◆ **Dataset records**

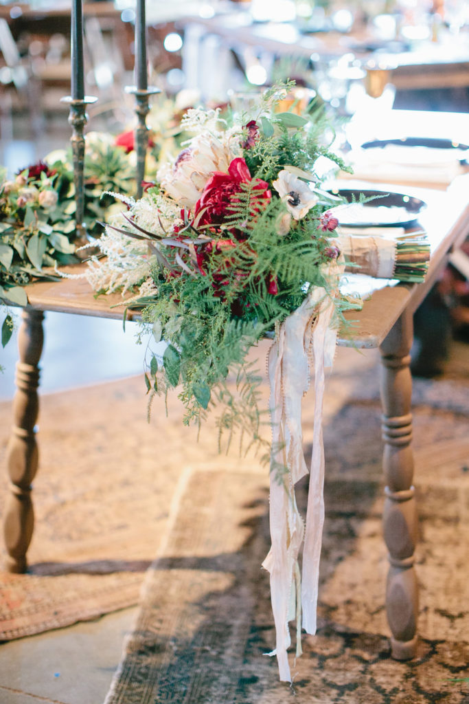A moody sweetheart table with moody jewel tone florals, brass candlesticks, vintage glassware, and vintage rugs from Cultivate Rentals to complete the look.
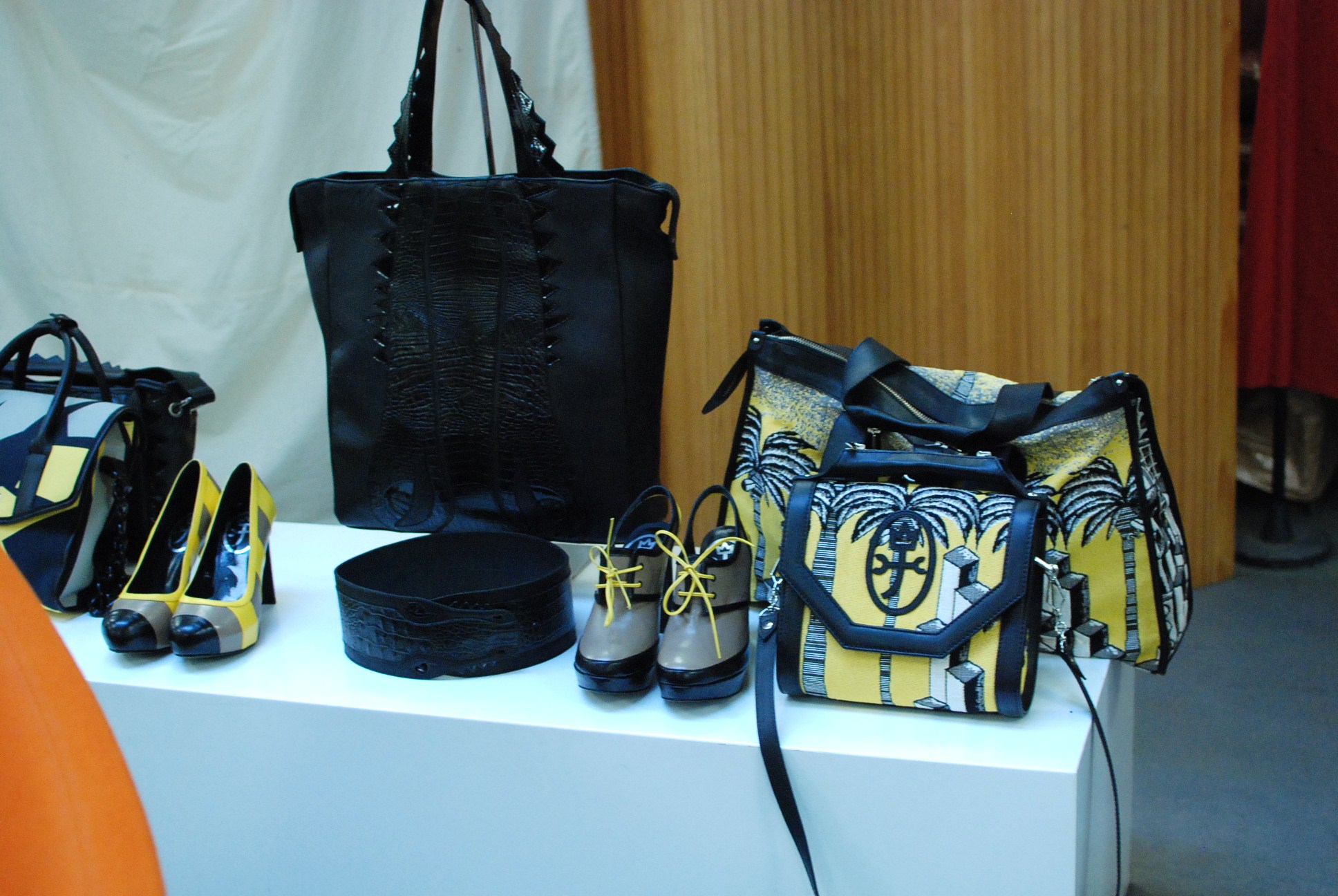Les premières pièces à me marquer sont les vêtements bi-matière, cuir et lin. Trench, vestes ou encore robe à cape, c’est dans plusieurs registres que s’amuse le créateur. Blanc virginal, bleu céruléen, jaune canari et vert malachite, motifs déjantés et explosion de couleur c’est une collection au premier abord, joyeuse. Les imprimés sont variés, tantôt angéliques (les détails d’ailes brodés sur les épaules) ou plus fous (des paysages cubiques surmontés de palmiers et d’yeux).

---

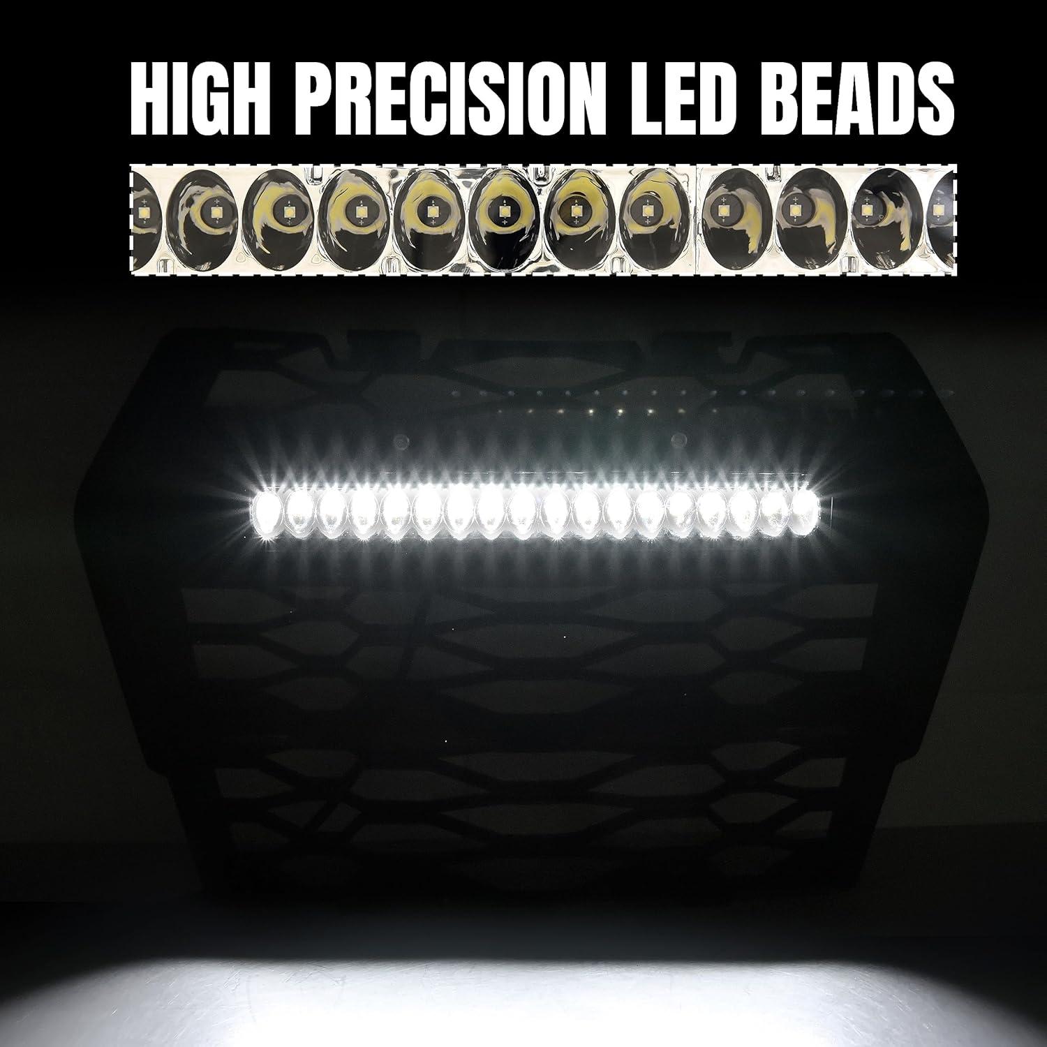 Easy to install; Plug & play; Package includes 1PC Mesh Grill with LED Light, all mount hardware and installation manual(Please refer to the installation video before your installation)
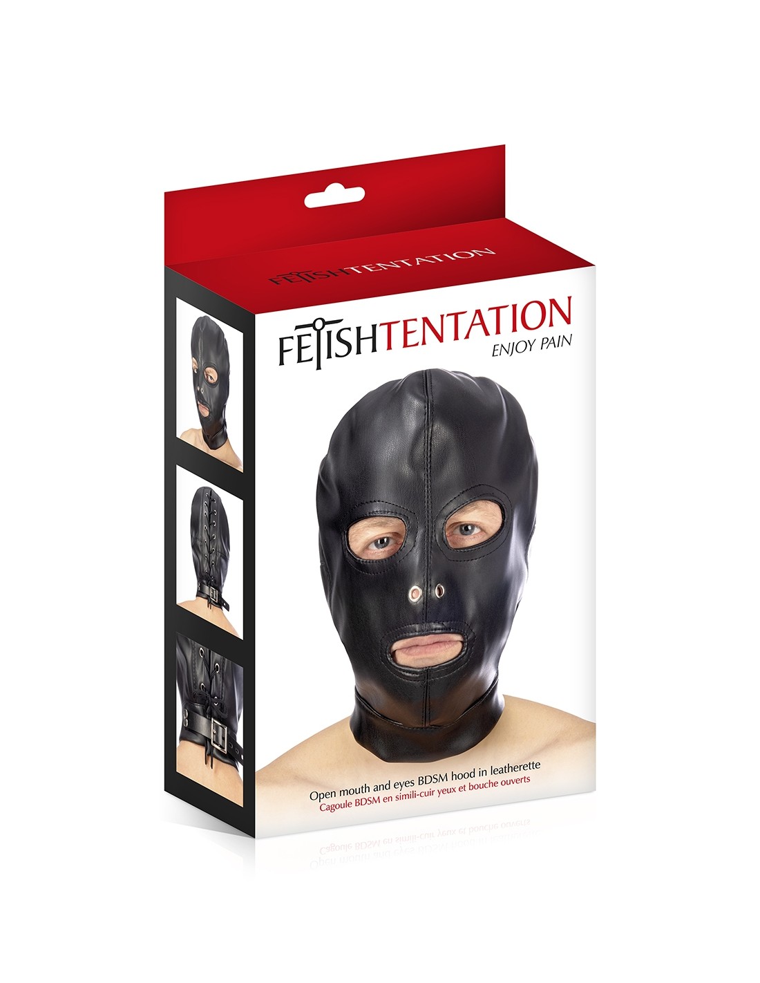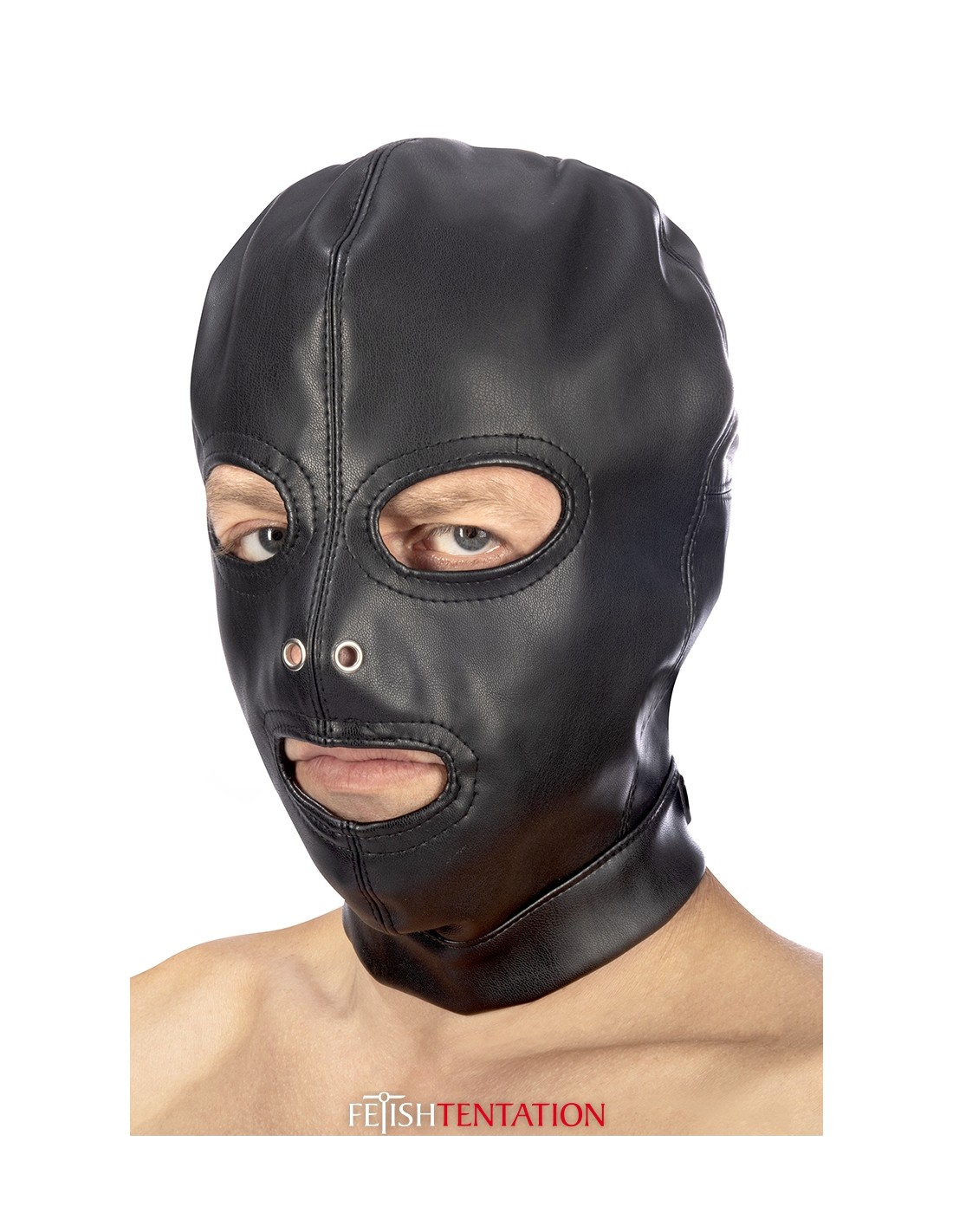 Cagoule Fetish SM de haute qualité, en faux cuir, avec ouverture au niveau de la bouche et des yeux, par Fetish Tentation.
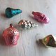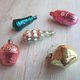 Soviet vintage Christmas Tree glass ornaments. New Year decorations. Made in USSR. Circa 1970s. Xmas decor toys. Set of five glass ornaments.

◆ **Problem statement**
Above are the records. Copy word for word only their lines from the one holding "A moody sweetheart" through the one holding "Les premières pièces", both included, and skip the images.

◆ **Solved exercise**
A moody sweetheart table with moody jewel tone florals, brass candlesticks, vintage glassware, and vintage rugs from Cultivate Rentals to complete the look.
Les premières pièces à me marquer sont les vêtements bi-matière, cuir et lin. Trench, vestes ou encore robe à cape, c’est dans plusieurs registres que s’amuse le créateur. Blanc virginal, bleu céruléen, jaune canari et vert malachite, motifs déjantés et explosion de couleur c’est une collection au premier abord, joyeuse. Les imprimés sont variés, tantôt angéliques (les détails d’ailes brodés sur les épaules) ou plus fous (des paysages cubiques surmontés de palmiers et d’yeux).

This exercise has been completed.